I KID YOU NOT, she pushed and prodded that damn 'mystery' sore spot for less than 10 seconds before she announced "Oh yeah! I feel that. Your tensor fasciae is all ropey." Then she proceded to follow the pain up the side of my thigh without direction, following it as it got less and less. "Yeah, that thing is like a rod."
Less than two minutes in the room and I had a diagnosis. It wasn't a nerve, it wasn't a soft tissue issue, and it wasn't scar tissue. It was my flippin' IT band! (The TFL (tensor fasciae latae) is connected to your IT band). It made total sense because I had problems with it before the surgery, it probably got pissed-off during traction, and almost everyone I've seen has identified that my IT band is indeed tight. It's just that nobody has linked the sore spot with it. Quite honestly, it's mind blowing to me that five months and God knows how many poking, prodding appointments later, my PCP made that connection in a nanosecond. It's also the reason I get knee pain occasionally. Everything started coming together.
Fortunately, the treatment is the same. Stretching (which, seriously, I can't do any more of unless I make it my day job) and manual therapy.
She also took a look at my psoas, which we've been guessing has been causing the tightness in my groin, and said that my PT really needs to work more on that. She suggested resistance stretching instead of plain-ole stretching and showed me one simple exercise my PT could do on me that, in just three 3-5 second bursts, increased my flexibility by about 5-6 inches!

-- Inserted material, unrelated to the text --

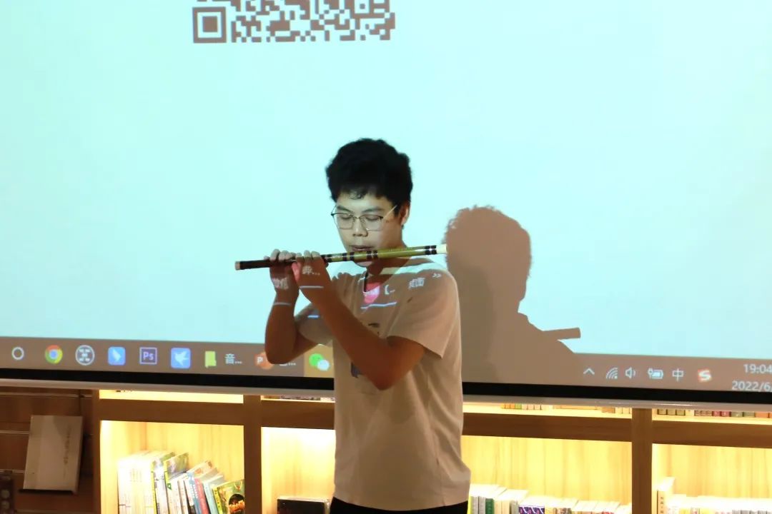 心弦民乐团竹笛声的任天放同学第一位进行分享,他以一曲清朗欢快笛乐拉开了我们此次分享的帷幕。他用诙谐幽默的语言介绍了在民乐团竹笛学习中的故事,引起了现场观众的阵阵笑声。“笛声三弄,梅心惊破”一首《望乡》勾起了在座同学的思乡之情。“这是一个不停学习、磨炼的过程,但我会一直坚持,变得更加优秀”任天放以这样一句话总结了自己在竹笛学习中的体会和感受。

Wow! This was the most productive appointment I'd had with a doctor in more than five months.
So, this is the reason that, for now at least, I have decided to stay put. Also, there was just one last thing that my PCP said to me - a 'bone' if you will - that made me stop and think. "You know," she said, "it won't be like this forever."
Of course, she could have been referring to the fact that she expects a Democrat to get into the WhiteHouse this year and shake up the system (God, please, God) but I like to think she was indicating that there was a smidgin' of hope that she would, eventually, leave the Mercy system and start an independent practice of her own. Which, in turn, would enable her to become part of Hill Physicians (which is the largest network of independent practitioners and specialists in Northern California.)
I guess we'll see but, for now, I'm giving the system a second chance. They don't know how lucky they are to have doctors like her.